Recent Development on the Use-LIst

John Vokey vokey at uleth.ca
Tue Dec 13 22:55:34 EST 2005


All,
   What a fascinating discussion, and a perfect, if ironic, example  
of why the question being debated has been resolved (in favour of one  
list) in practise.

   For the record, I agree with Dan (which happens less often than I  
routinely think it should given I own most of his books, but I  
digress).  One feature of the discussion that has fascinated me most  
(and should have led me to put [OT] in the Subject, but again, I  
digress, and, at any rate, this subject line is by definition OT) is  
the confusion between freedoms and rights.  We (well most of us,  
anyway, given our current countries of residence) are *free* to think  
and espouse any damn thing we want, but in none of these countries do  
we have a *right* to do so. The distinction is this: rights entail  
commitments and obligations on the state and the citizens of that  
state to *ensure* those rights.  So, a state (and its citizens) are  
obligated by law to ensure your rights to, for example, privacy,  
property, personhood, and so on.  Freedoms are different.  You are  
free to exercise these ``free'' acts, but the state (and its  
citizens) are not obligated in any way to ensure that you can do so.   
They cannot, as a rule, actively prevent such action, but, again, are  
not required, either, to facilitate them.  Free speech is one such  
freedom.  Free thought is another.  You are free to think any damn  
fool thing you can mentally entertain, but there is no incumbent  
obligation on the state, the citizens of that state, the internet,  
and the citizens of the internet, or, the point and most important  
for current purposes, use-revolution at lists.runrev.com to provide a  
vehicle for you to express those thoughts.  It (and we) may tolerate  
them, even ``respect'' them (I use scare quotes because I really  
don't know what respecting a thought or belief actually means), but  
we do not have to provide an avenue for them:  We are, of course,  
free to do so, but we are under no obligation to do so.

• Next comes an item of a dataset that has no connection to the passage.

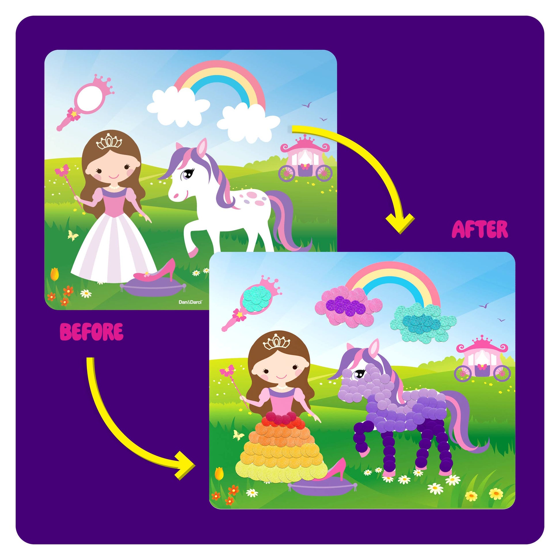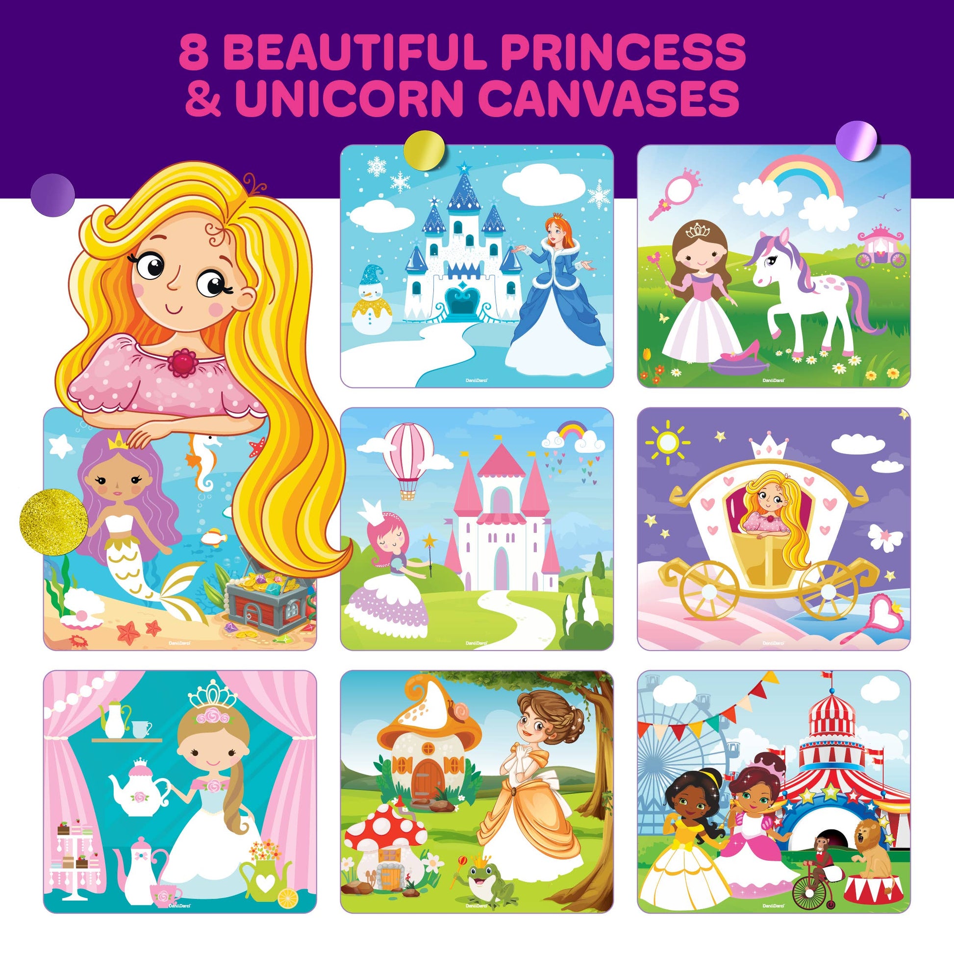 ENDLESS CREATIVE FUN: Dive into a magical world with the Dan&Darci Princess & Unicorns Dot Sticker Art Kit! This fun sticker craft kit lets kids design enchanting masterpieces using 3000+ colorful dot stickers on beautiful princess and unicorn canvases.

Now, back to our usual philosophical wrangling, bantering, and code  
solving...

On 13-Dec-05, at 6:38 PM, Dan Shafer wrote:

> Fair enough, Mark. Where should they be, then?
>
> On 12/11/05, Mark Smith <mark at maseurope.net> wrote:
>>
>> These discussions are quite interesting, but IMHO this is not the
>> place for them, since they do interfere with the actual utility of
>> the list.

--
Please avoid sending me Word or PowerPoint attachments.